In singing we want our exhalation to be as smooth and consistent as possible, without any gripping or jerking. To accomplish this, we use the breathing-in and breathing-out muscles we just engaged to try to slow the ascent of the diaphragm. That way, the air doesn't rush out all at once.
Inhale as before, with one hand over your belly button and the other on the side of the rib cage. Pause ("suspend") briefly to feel this expansion. Exhale on "sss", but as you do so, keep the expansion around your middle for as long as possible. The lower abdomen should be the first to come in, like a tube of toothpaste being squeezed from the bottom up.
Muscles always perform better when they get moments of rest (however short those moments may be!). Remember and cultivate what it feels like to be totally at rest, while keeping good posture, and always find specific points in the music where you can remind yourself to rest your breathing muscles.

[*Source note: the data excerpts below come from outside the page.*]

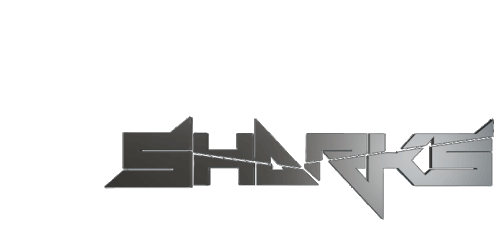 Animated text logo for Sharksmusic Dsg, featuring the word 'SHARKS' forming and then distorting dynamically.
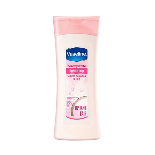 Vaseline brings you the Healthy White Lightening Body Lotion for long-lasting, instant fairness. Its advanced formula consists of triple sunscreens, skin illuminating minerals, and Vitamin B3. The triple sunscreens prevent your skin from the harsh UV sun rays and eliminate tan damage. Vitamin B3 nourishes your skin cells and gives you healthy, fresh skin. The skin illuminating minerals reduce the dirt and grime from your deepest skin cells lending you instant and long-lasting fairness. This body lotion gives you a natural glow with soft and supple skin. Use the Vaseline Healthy White Lightening Body Lotion every day for smooth, bright, and radiant looking skin.
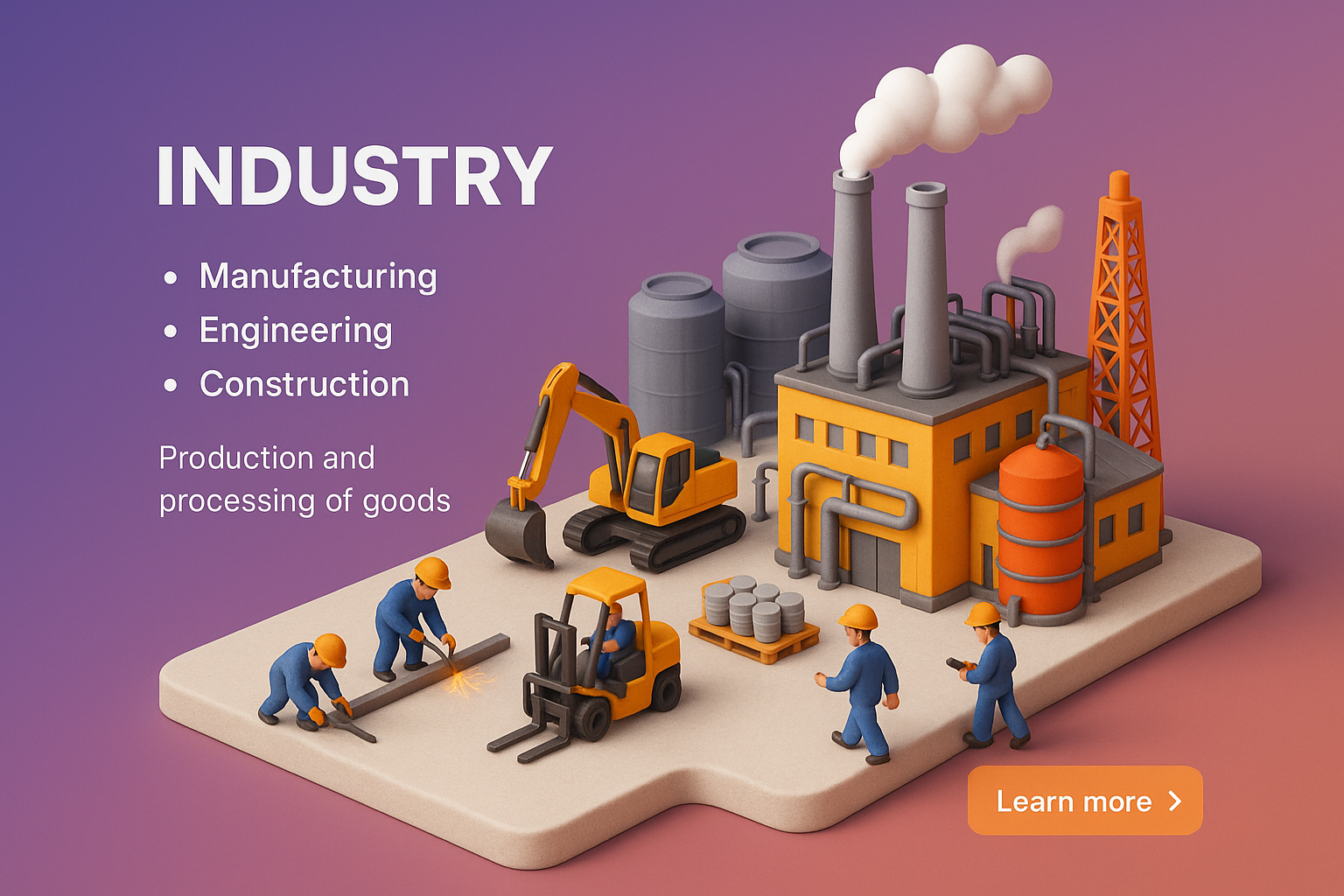 /Collection: /by davooda/Type: PNG/A vibrant 3D depiction of an industrial setting showcasing small figures engaged in manufacturing tasks. The scene features machinery, smokestacks, and a colorful background.
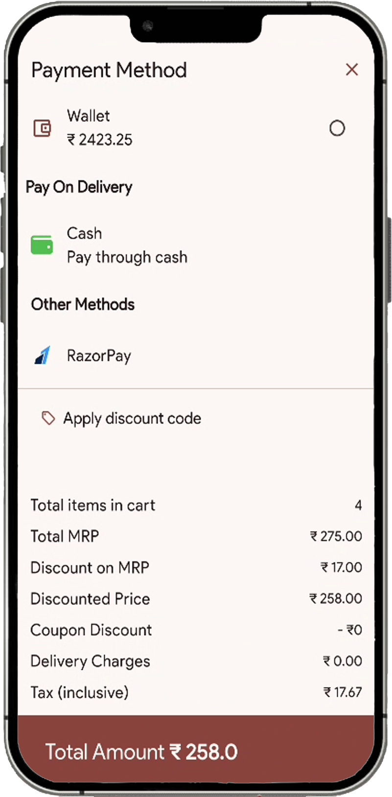 Make worry-free payments using UPI, cards, wallets, or COD with complete security.
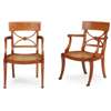 the tablet backs above curved X form stretchers and curved caned seats, flanked by open scrolled arms and raised on sabre legs
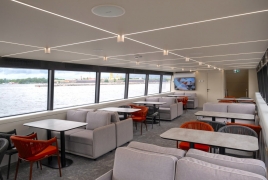 На борту электрохода предусмотрено всё для спокойного и комфортного отдыха. Гостей ждут панорамные салоны с большими обзорными окнами, удобные посадочные места, открытая палуба и ресторанная зона.
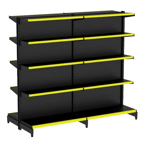 KIT GÔNDOLA CENTRO 170 FIT AMAPÁ 40/30 PRETO PARA VÃO DE ATÉ 2 METROS 20 BANDEJAS PORTA ETIQUETA AMARELO
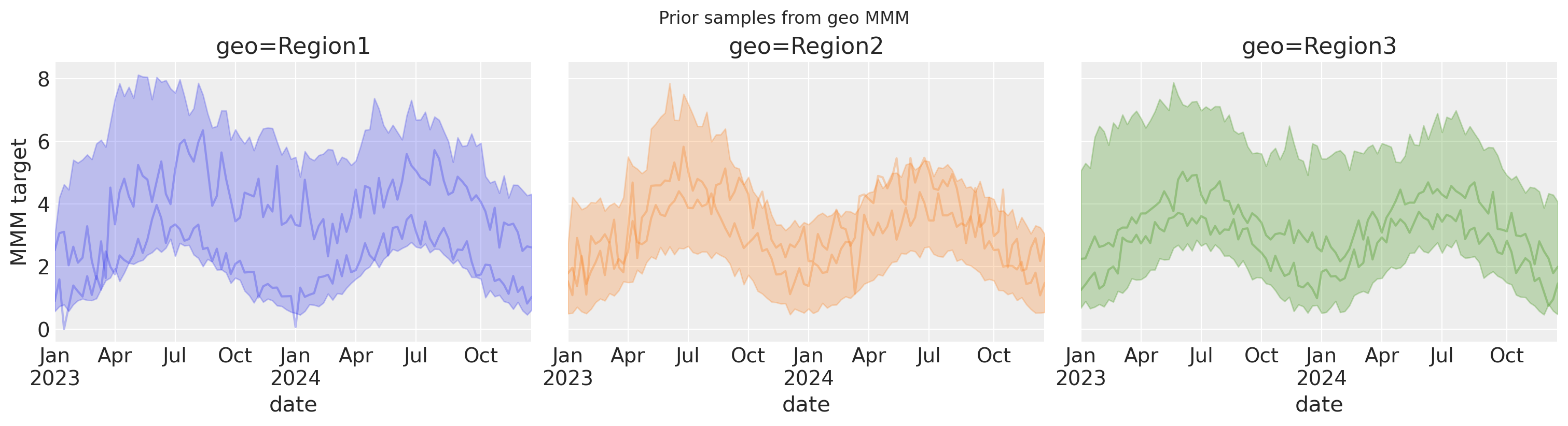 inference_library_version: 5.25.1We will use the plot_curve helper function to plot the target variable across time for each region. This shows the HDI and 2 prior samples for each of the 3 time series.
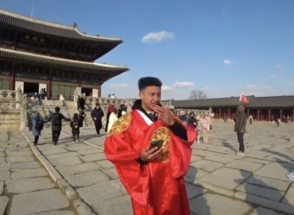 獲勝后的第二天,林加德在個(gè)人社媒進(jìn)行了直播,身穿王袍現身景福宮,他還擺出了國王的姿勢,引得圍觀(guān)群眾哈哈大笑。

With your chest comfortably up, lower abdomen comfortably in, and upper abdomen free to move (think to yourself "comfortably up", "comfortably in", "free to move"), practice the four stages of breathing:
Inhale 3 counts
Suspend 3 counts
Exhale 3 counts
Rest 3 counts
Breathing is a wonderful part of the study of singing because you can practice it anytime, anywhere: on the train, driving, or when you're bored in class or a meeting. Our relationship toward breathing determines our relationship toward singing, so spend time with these exercises, enjoy them, and above all trust the breath to guide and power your sound.